Study: Trees save at least a life a year in each of 10 major U.S. cities
Next time you hug a city-dwelling tree, be sure to whisper quiet thanks for the lives it is helping to save.
Researchers recently calculated that urban forests help save one or more people from dying every year in each of 10 major cities studied.
Trees growing in cities help clean the air of fine particulate air pollution — soot, smoke, dust, dirt — that can lodge in human lungs and cause health problems. Trees clear 71 tons of fine particulate matter (PM2.5) from Atlanta’s air annually. And they suck up enough pollution to save seven or eight lives every year in New York City.
These are the findings of researchers with the U.S. Forest Service and Davey Institute, published in the journal Environmental Pollution [PDF]. They calculated the health and economic benefits of air-cleansing urban forests in 10 U.S. cities and found that trees save lives, reduce hospital visits, and reduce the number of days taken off work. They do that mainly by sucking pollutants out of the air. Economic benefits, mostly from reduced mortality, ranged from $1.1 million a year in Syracuse, N.Y., to $60.1 million a year in New York City.

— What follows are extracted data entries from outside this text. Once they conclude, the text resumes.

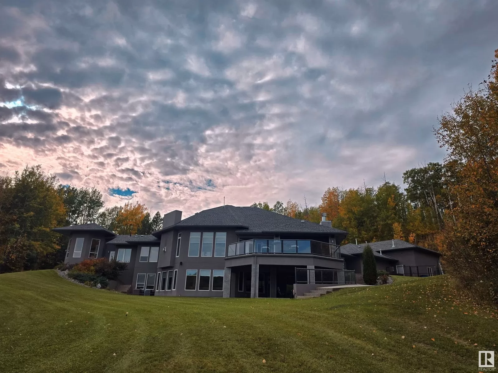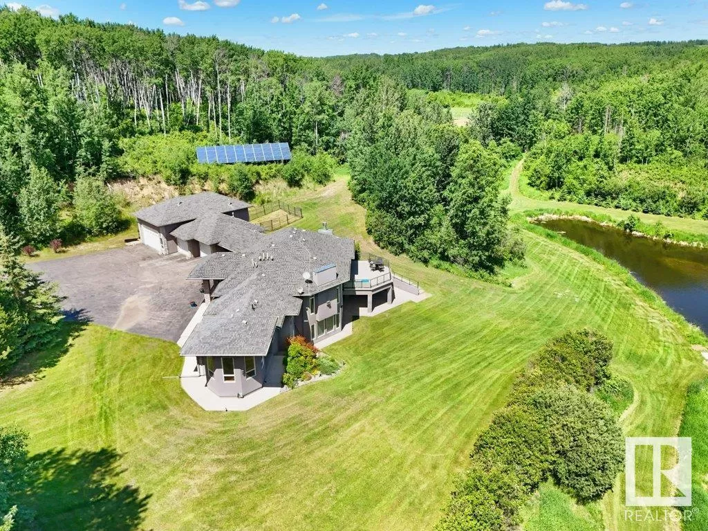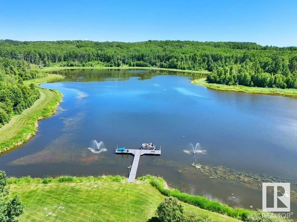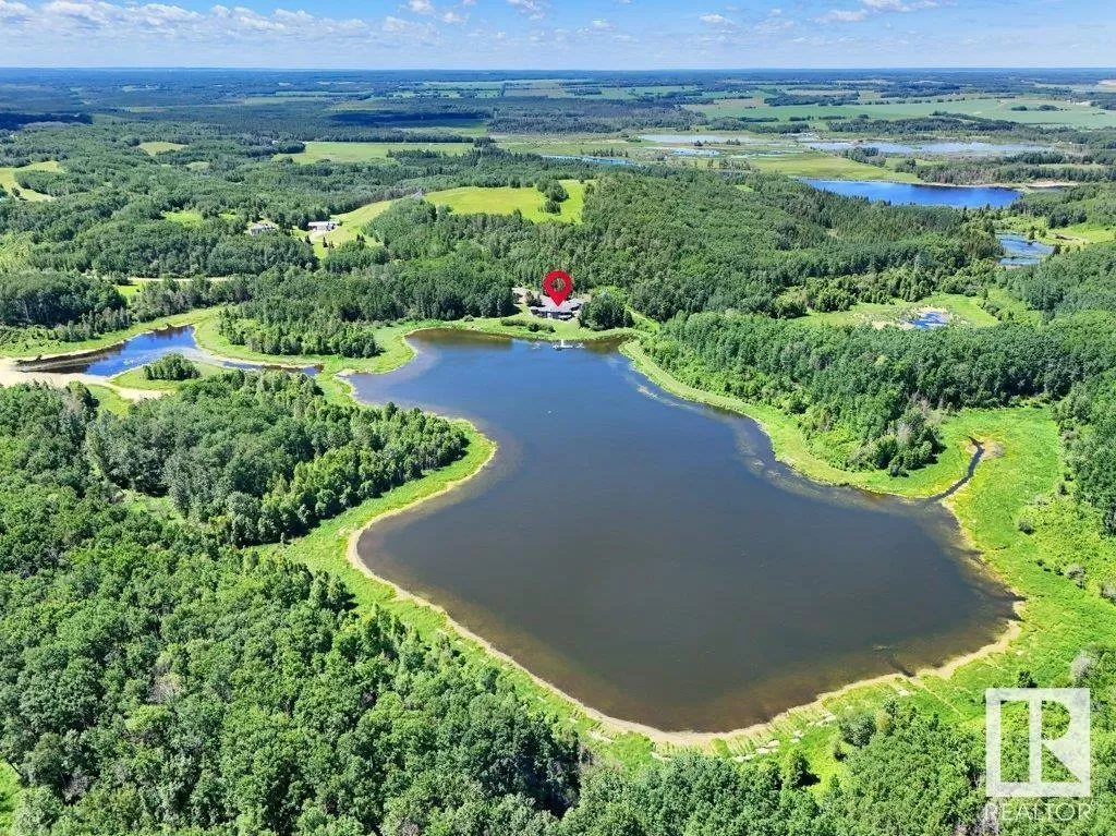 Do you want to own a lake? Well you can, 30 minutes from Edmonton - a sprawling 4,400 sq ft luxury home nestled on 160 acres of breathtaking land. Outdoors, the property offers winding quadding trails that meander through the woods and along the lake, offering adventure at every turn. The serene lake is perfect for leisurely boating, with your own dock extending out over calm water. Near the house, there's a bubbling hot tub positioned perfectly for soaking in the stunning surroundings or an outdoor fireplace to stay cozy. The home is self-sufficient, featuring a backup generator for emergencies and solar panels to run off grid. Inside, expansive living spaces offer contemporary luxury with high-end finishes at every turn. This home is a retreat from the world, providing an ideal setting for both relaxation and outdoor activities, all while ensuring that youâre living sustainably and in harmony with nature. RV hookup for visiting guests a bonus, and even a dog kennel for your furry friends. (id:27476)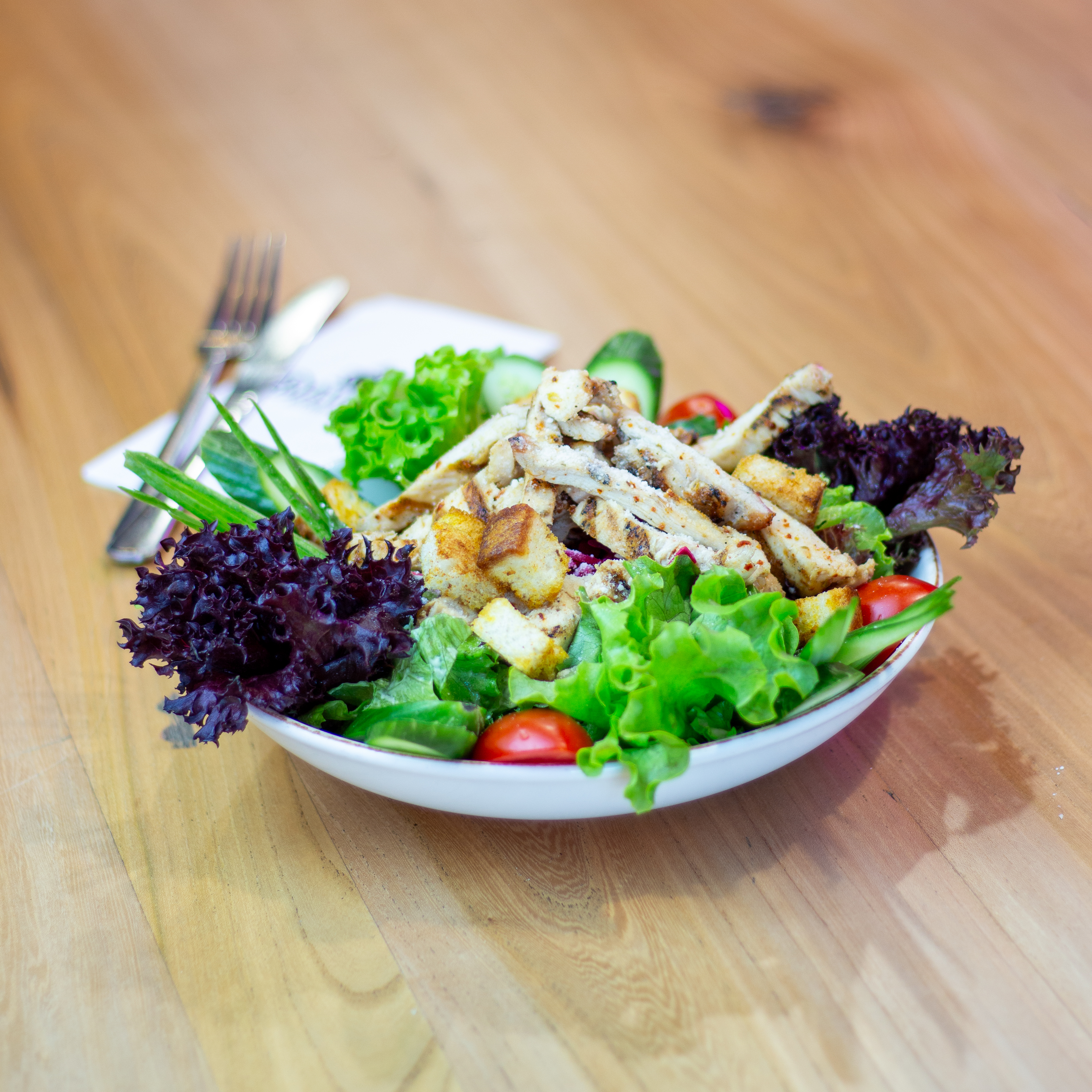 Çıtır Tavuk parçaları, mevsim yeşilliği, çeri domates, mısır ve salata sosu.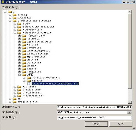 11.選擇需要還原的原備份文件,確認(rèn)無誤后,點(diǎn)擊【確定】按鈕,備份文件會添加到備份位置的表框內(nèi),如下圖所示: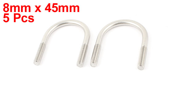 5 Pcs Silver Tone 304 Stainlesss Steel Round Bend U Bolt 8mm x 45mm

Overall, the greatest effect of trees on reducing health impacts of PM2.5 occurred in New York due to its relatively large human population and the trees’ moderately high removal rate and reduction in pollution concentration. The greatest overall removal by trees was in Atlanta due to its relatively high percent tree cover and PM2.5 concentrations.
And these findings cover only the effects of cleaning up fine particulate pollution. The study didn’t investigate the economic and life-giving benefits of trees sucking up larger soot particles, ozone, sulfur dioxide, nitrogen dioxide, or other types of air pollution.

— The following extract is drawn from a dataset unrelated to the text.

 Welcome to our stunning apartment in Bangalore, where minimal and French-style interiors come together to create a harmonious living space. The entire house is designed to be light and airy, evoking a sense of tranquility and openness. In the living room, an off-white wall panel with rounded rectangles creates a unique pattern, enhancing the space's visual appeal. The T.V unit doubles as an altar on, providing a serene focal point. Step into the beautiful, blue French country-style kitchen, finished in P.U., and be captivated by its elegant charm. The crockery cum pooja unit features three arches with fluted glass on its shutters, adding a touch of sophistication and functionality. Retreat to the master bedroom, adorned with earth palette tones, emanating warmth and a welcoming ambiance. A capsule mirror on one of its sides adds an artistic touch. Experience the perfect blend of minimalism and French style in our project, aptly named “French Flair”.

“This research clearly illustrates that America’s urban forests are critical capital investments helping produce clear air and water; reduce energy costs; and, making cities more livable,” Forest Service researcher Michael Rains said in the press release.
The study comes after some of the researchers’ Forest Service colleagues discovered a correlation between loss of trees and higher human death rates, which they described in the American Journal of Preventive Medicine. As we told you last week, the scientists found that the more trees there are in an area, the less likely people there are to die.
More hugs for trees, please.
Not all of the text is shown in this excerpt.